Zhang Ao (died 182BC) was one of the feudal lords after the end of the Qin dynasty in 206BC.

Life
Born in the Kingdom of Zhao, he was the son of Zhang Er (張耳), a Zhao general and participated in his father's campaigns against the last armies of the Qin. The hegemon king Xiang Yu of Western Chu made Zhang Er king of Changshan (常山王) during the Eighteen Kingdoms Period, but Zhang Er changed his loyalty to Liu Bang, the eventual founder of the Han dynasty and was titled as King of Zhao.
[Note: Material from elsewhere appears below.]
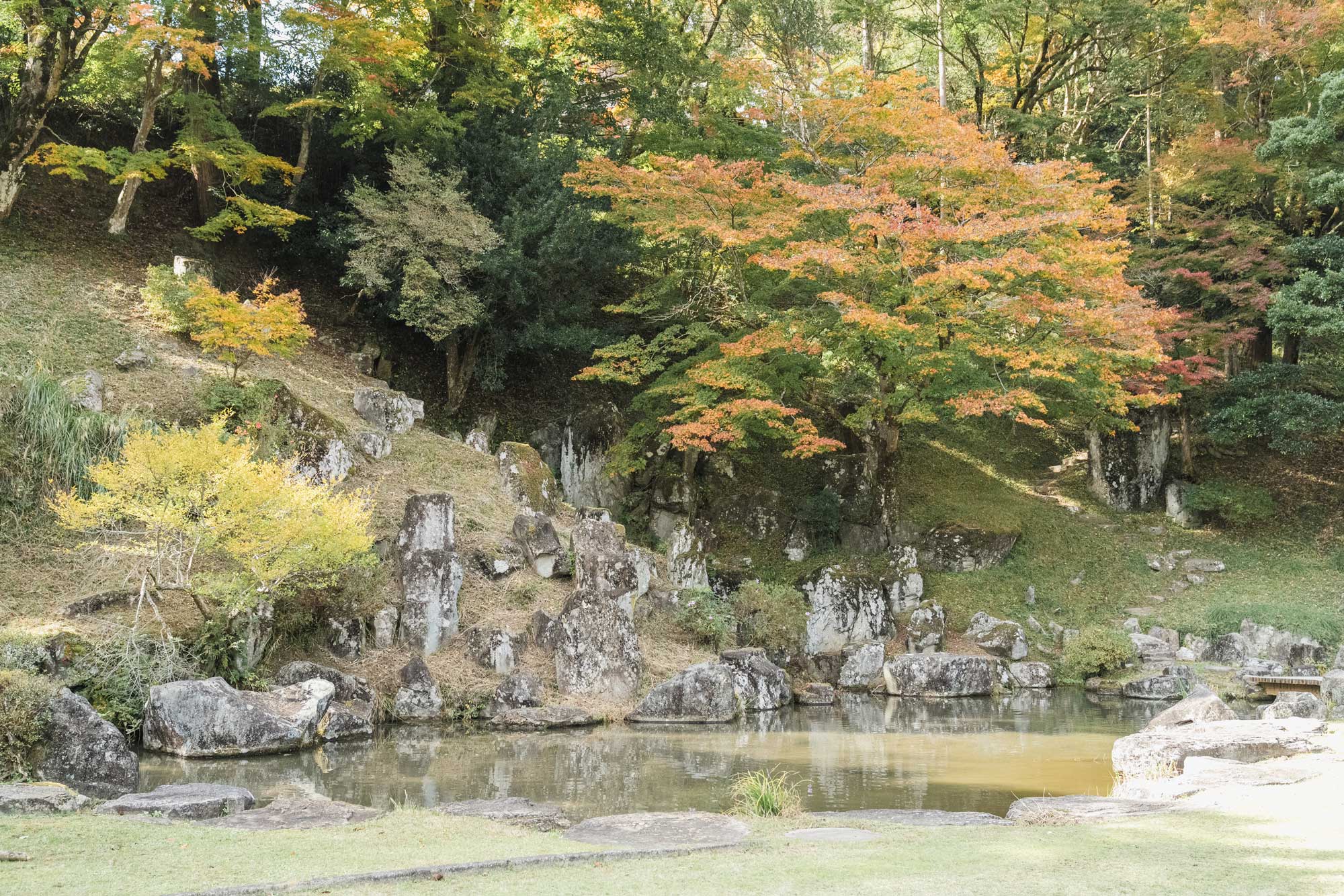 江戸時代の森藩・久留島氏陣屋跡の西側に広がる丘陵を利用して造られ 8代藩主・久留島通嘉の時代に作庭されました 庭園では 丘陵に巨石を配し 自然の地形を活かした美しい景観が広がります 庭園の中心には巨石を組み上げた枯滝が設置され 日本遺産の一部としてその歴史的価値が高く評価されています

In 202BC, Zhang Er died and Zhang Ao succeeded him to the throne of Zhao. He married Liu Bang's daughter, Princess Yuan of Lu (posthumous title). In 198BC, his plot to kill Liu Bang was revealed, but he was pardoned and only demoted to Marquis of Xuanping (宣平侯). He was succeeded as king of Zhao by the emperor's young son Liu Ruyi. Zhang Ao died during the reign of Empress Lü (r. 188–180BC).

Legacy
His posthumous title was Marquis Wu (武侯), but he was also venerated as King Yuan of Lu (魯元王). Zhang Ao's daughter Zhang Yan became the wife of Emperor Hui (r. 195–188BC), her uncle.

Sources
 Cang Xiuliang (1991). 《史記辭典》 [Shiji Cidian], Jinan: Shandong Jiaoyu Chubanshe, p. 503. 
 Cang Xiuliang (1996). 《漢書辭典》 [Hanshu Cidian], Jinan: Shandong Jiaoyu Chubanshe, p. 679.